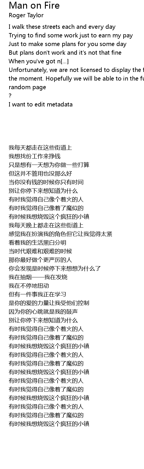 | [00:42.01] | 有时我觉得自己像个着火的人 |
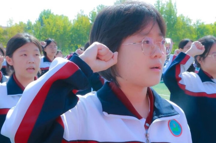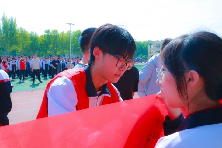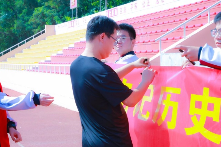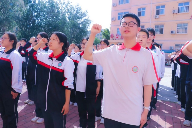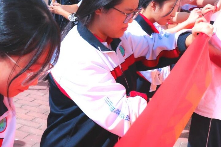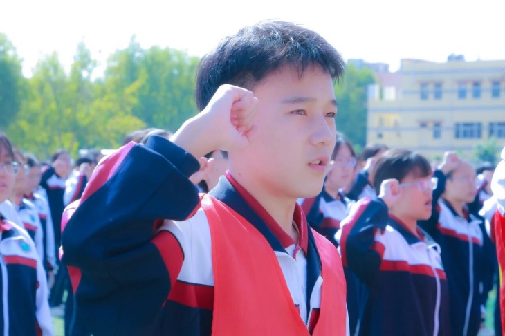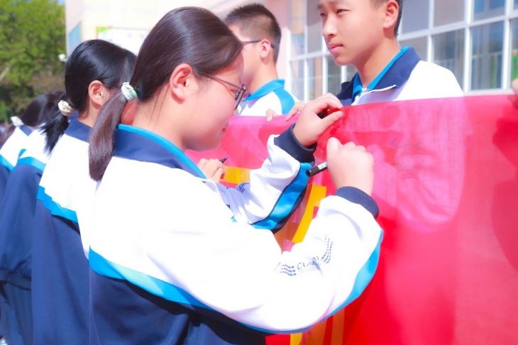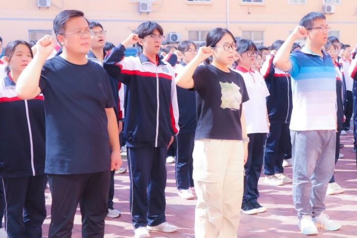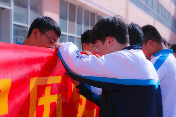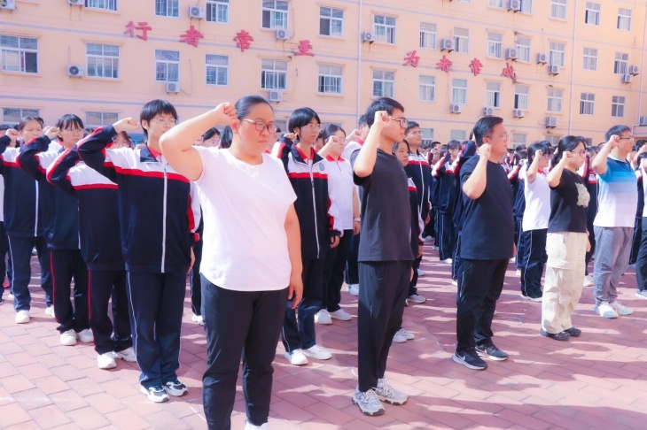 学生们身着整齐的校服,肃然列队,庄严宣读誓词。他们誓言为国家的独立和民族的尊严不懈奋斗,决不向侵略者低头。这一宣誓仪式,不仅象征着武中学生的团结与坚定,更彰显了他们对祖国和民族的无限热爱与忠诚。当师生们肃穆地站在条幅前,郑重地签下自己的名字时,整个会场都沉浸在一种庄严肃穆的氛围中。家仇国恨,深埋心底,无法言表,但那份坚定却写在了每一个人的脸上。今日,他们努力学习;未来,他们必将矢志报国,吾辈自强!
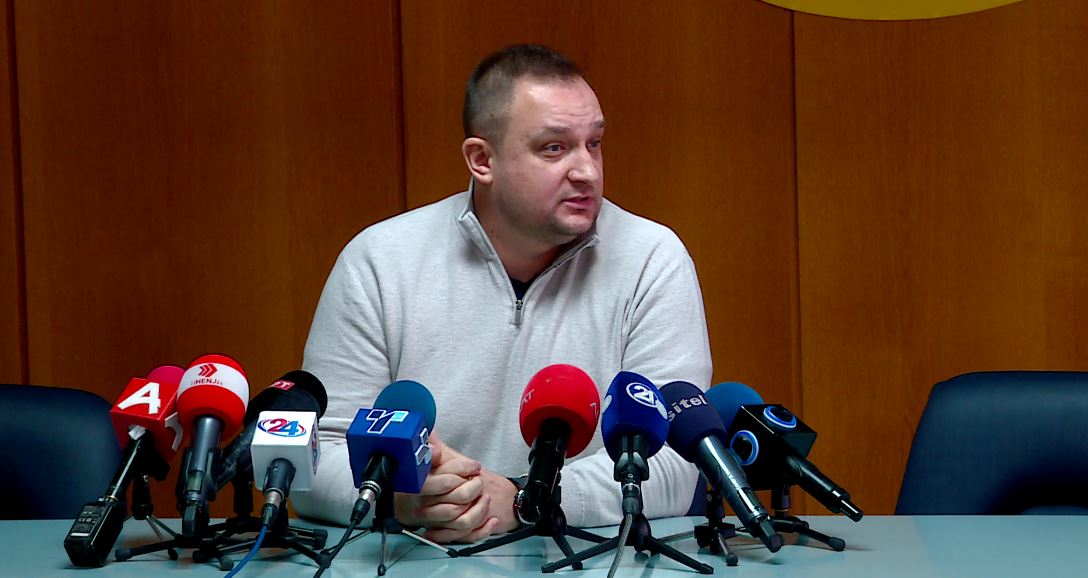 Kryetari i Konfederatës së Sindikatave të Lira (KSL), Bllagoja Rallpovski para takimit të sotëm me kryeministrin Hristijan Mickoski në të cilin marrin pjesë edhe përfaqësues të sindikatave të tjera përfaqësuese...
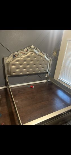 King Size sliver Mirror Bed Frame, mattress And Stool$700Houston, TX
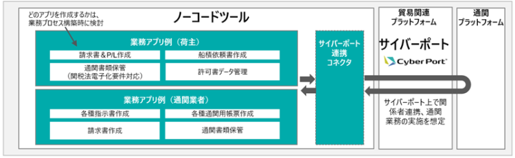 | 国土交通省港湾局は、民間事業者間の港湾物流手続の電子化を推進するプラットフォームである「Cyber Port」を運営しています。また、民間のプラットフォームや各種サービスとの連携を推進しているところです。 この度、Cyber Port の関連サービスの一つとして、ノーコードツールを活用したCyber Port による貿易・物流業務のデジタル化支援パッケージが、デロイト トーマツGTA&テクノロジーズ株式会社よりリリースされます。 |
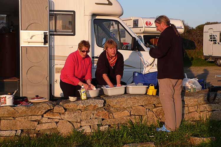 Nach einem Abstecher zum Dolmen mitten auf dem Dorfplatz von Crucuno, fahren wir auf dem Campingplatz auf der Halbinsel Quilberon,
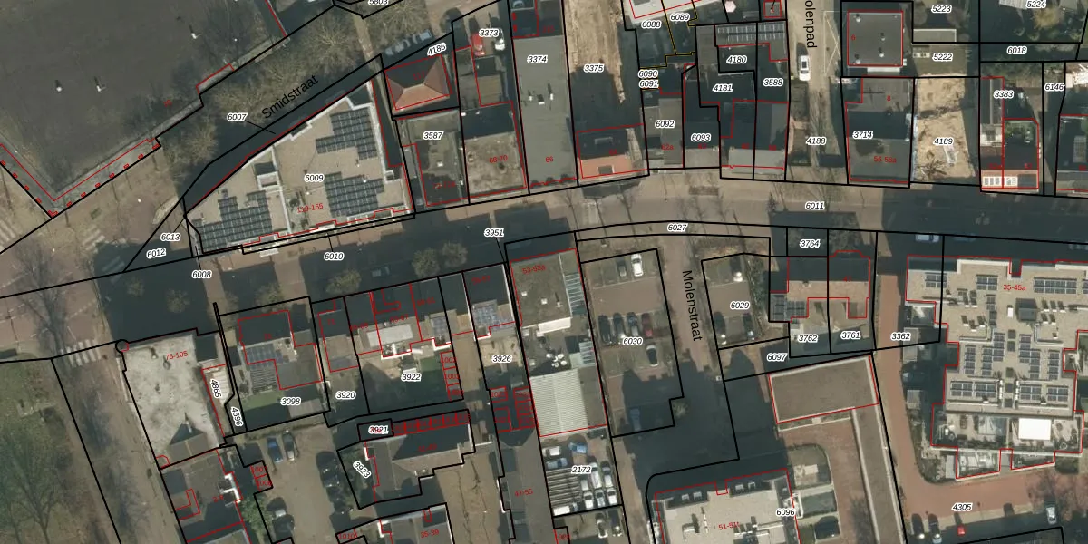 Het perceel waarop Molenstraat 53 staat heeft een oppervlakte van 666 m². Dit is een groot perceel. De perceeloppervlakte wordt geregistreerd door het Kadaster. Gedetailleerde informatie over de maten van dit perceel kunt u vinden in het rapport Kadastrale kaart met maatvoering van Molenstraat 53.
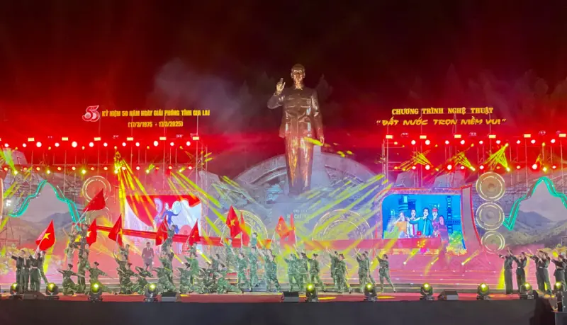 17-3, tại Quảng trường Đại Đoàn Kết (TP. Pleiku), tỉnh Gia Lai tổ chức chương trình nghệ thuật chào mừng kỷ niệm 50 năm Ngày giải phóng tỉnh với chủ đề “Đất nước trọn niềm vui”.
= = = = =
What is required: Exactly the lines starting at the one above with "学生们身着整齐的校服,肃然列" and ending at the one with "による貿易・物流業務のデジタル化支援パッケージが、デロイト トーマツGTA&テクノロジーズ株式会社よりリリースされます。 |" should be printed, and nothing else. Omit the pictures.

Solved problem:
 学生们身着整齐的校服,肃然列队,庄严宣读誓词。他们誓言为国家的独立和民族的尊严不懈奋斗,决不向侵略者低头。这一宣誓仪式,不仅象征着武中学生的团结与坚定,更彰显了他们对祖国和民族的无限热爱与忠诚。当师生们肃穆地站在条幅前,郑重地签下自己的名字时,整个会场都沉浸在一种庄严肃穆的氛围中。家仇国恨,深埋心底,无法言表,但那份坚定却写在了每一个人的脸上。今日,他们努力学习;未来,他们必将矢志报国,吾辈自强!
 Kryetari i Konfederatës së Sindikatave të Lira (KSL), Bllagoja Rallpovski para takimit të sotëm me kryeministrin Hristijan Mickoski në të cilin marrin pjesë edhe përfaqësues të sindikatave të tjera përfaqësuese...
 King Size sliver Mirror Bed Frame, mattress And Stool$700Houston, TX
 | 国土交通省港湾局は、民間事業者間の港湾物流手続の電子化を推進するプラットフォームである「Cyber Port」を運営しています。また、民間のプラットフォームや各種サービスとの連携を推進しているところです。 この度、Cyber Port の関連サービスの一つとして、ノーコードツールを活用したCyber Port による貿易・物流業務のデジタル化支援パッケージが、デロイト トーマツGTA&テクノロジーズ株式会社よりリリースされます。 |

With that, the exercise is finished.